As we’re seeing in response to the coronavirus, video usage is about so much more than saving a few shekels on plane tickets or reducing exposure to potential health issues. The reason to use video in the first place and the reason it will stick this time is because video calls are superior to audio calls for employee engagement, and the systems are much easier to use now than in the past. With the mandate to improve employee experience, video is really the only option. In fact, your employees may even find video meetings much easier to launch than audio conferences — a screen tap or mouse click vs. dialing a number and inputting long PIN codes and conference IDs.
 
This is the message I heard from an SVP at a San Francisco-based PR agency who told me her firm has seen a significant boost in the amount of video calls over the past couple of years. She attributed the uptrend to video’s ability to drive engagement when in-person meetings aren’t feasible. At a previous firm, which “met” with clients via audioconferencing, meaningful engagement between participants was fairly low, she said. People on the other end of a call would be on e-mail or tuning out for other reasons.

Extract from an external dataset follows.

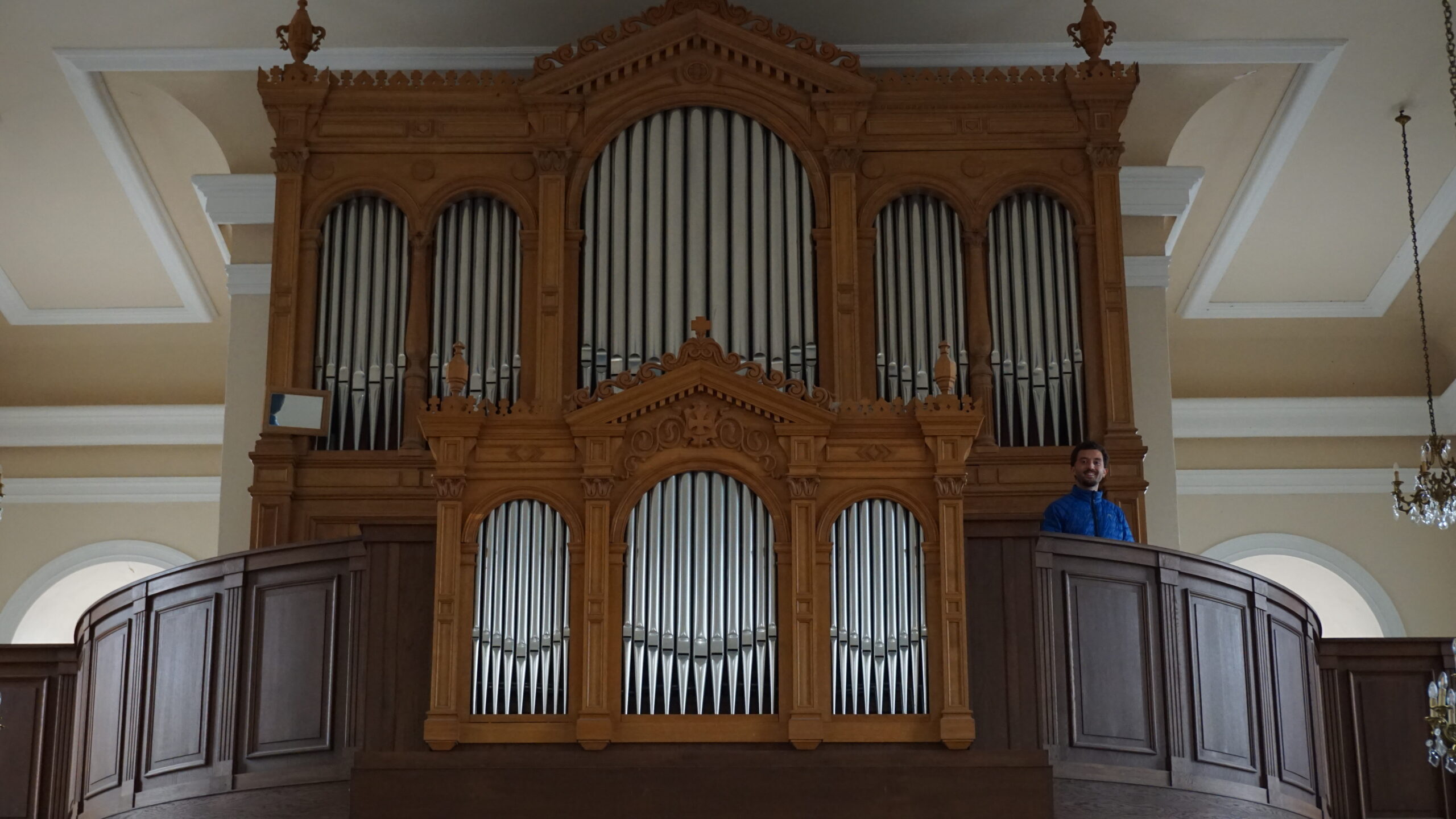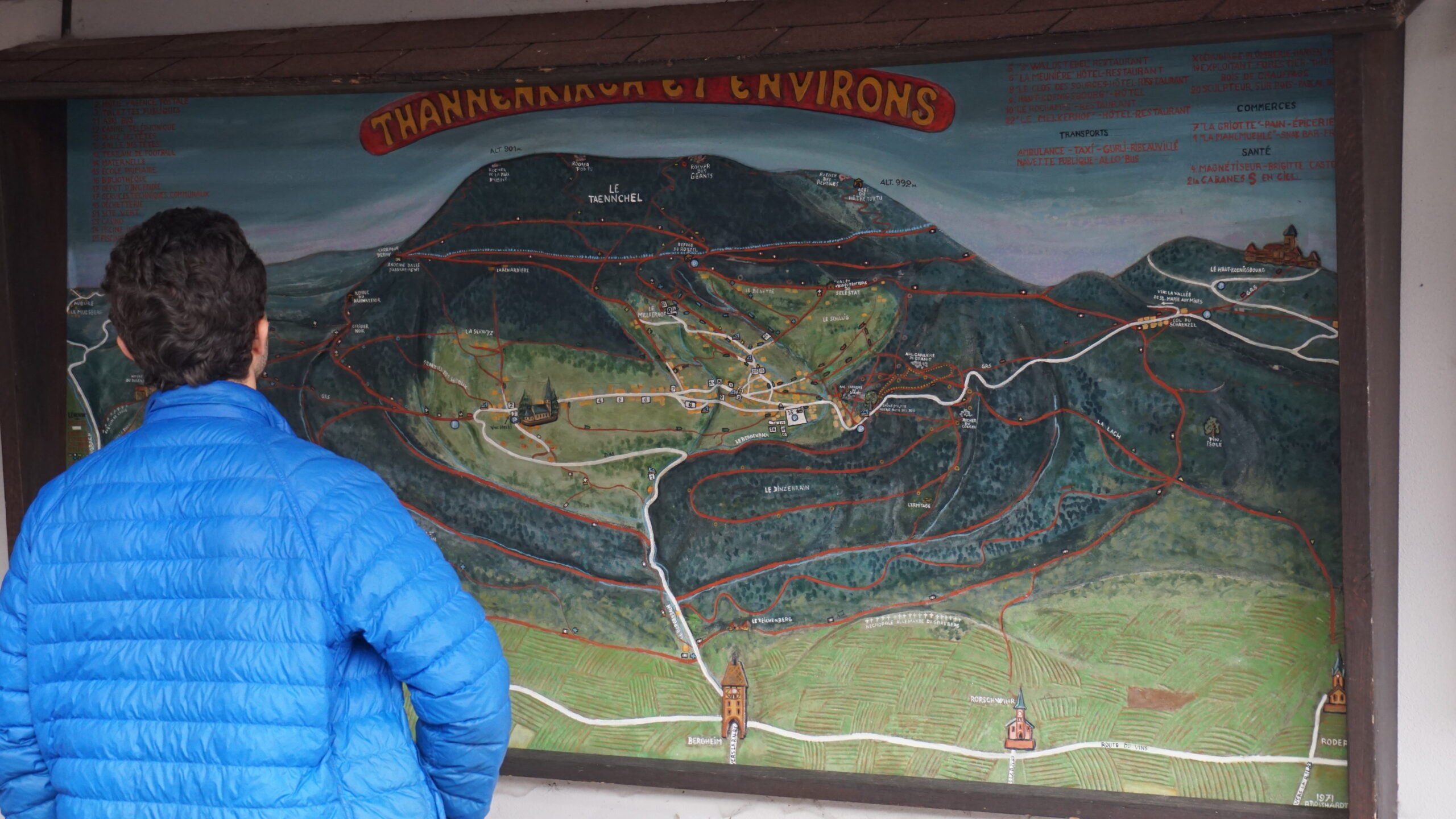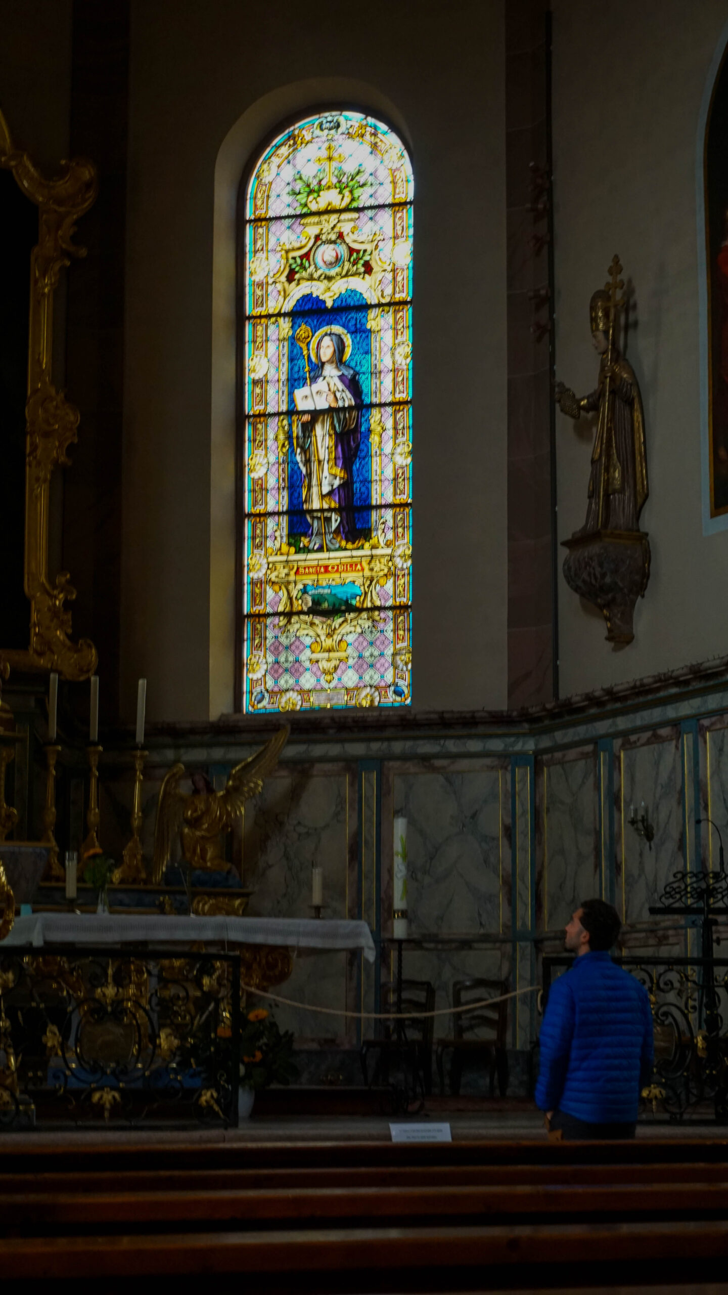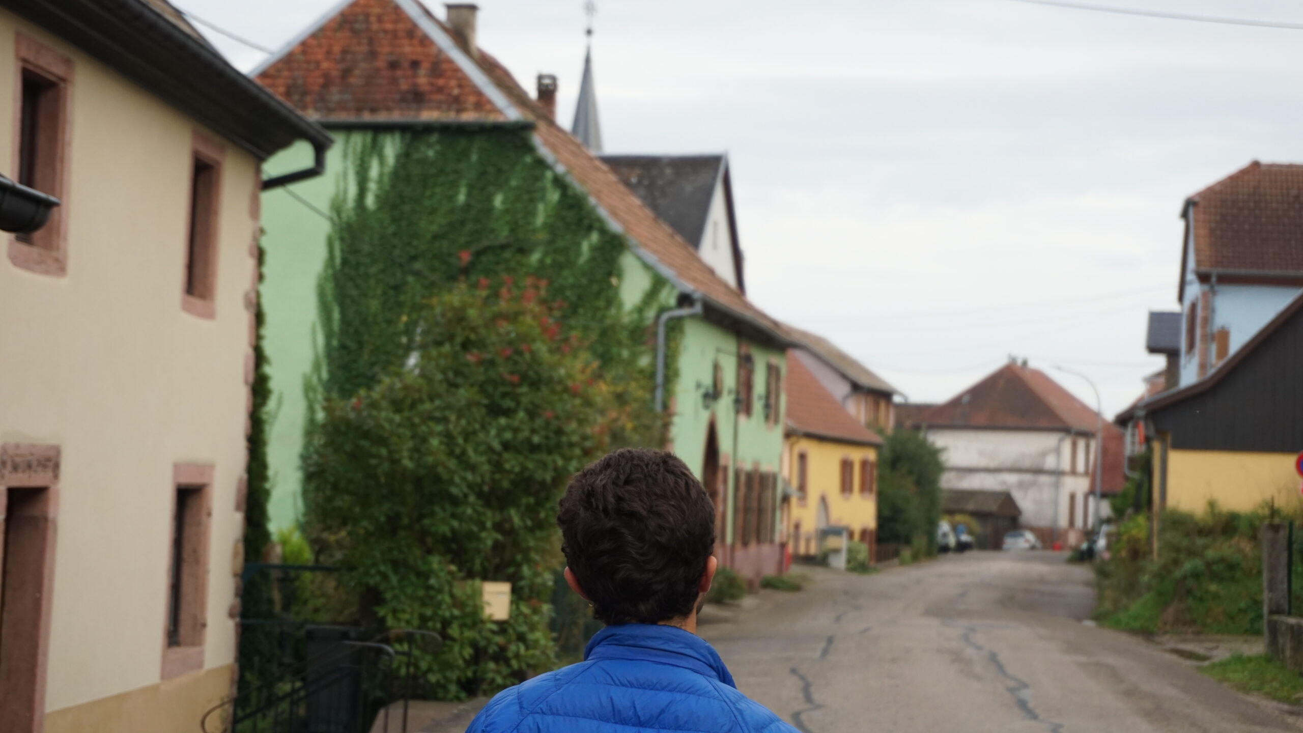 On se dirige vers le prochain village qui est celui d’Orschwiller. Évidemment, on a rien prévu donc on part visiter l’église. Il y a une fresque un peu laide, et même si l’église de l’extérieur est vraiment cool style marin, dedans elle est vraiment classique. On fait une photo d’Alexandre près d’un orgue. En sortant, on voit une dégustation de vin. On passe la petite porte, mais on ne voit personne. D’un coup, un détecteur de mouvement se met à sonner assez fort. On entend une grand-mère qui parle un peu fort et nous demande pourquoi nous sommes là. Honnêtement, je n’ai pas la force de parler, je fais juste demi-tour. Mais Ax essaye et quand elle dit qu’elle arrive, il part.

Now with video-first solutions, everyone is actively engaged; a video meeting is almost as good as being there.
 
Another trend for video is that meeting participants are now more relaxed over video calls. When I asked the PR SVP about this, she told me that when her firm first started using video people didn’t want to join via video if they weren’t dressed in office attire. Now people attend video calls wherever they are, often dressed casually, as work and life blend. “People are more relaxed about being ‘seen,’ and they realize they communicate more effectively with video on,” she told me.
 
And age doesn’t matter. Millennials may be the first employee group to think video-first, but workers of all ages tend to use video once they’ve tried today’s technology.
 
To answer my original question: Yes, it is different this time, not because reaction to coronavirus brings something unique to the table. It’s different because the solutions are so easy to use, the quality so high, and employee engagement so important that almost all of the historical reasons to not use video are now gone.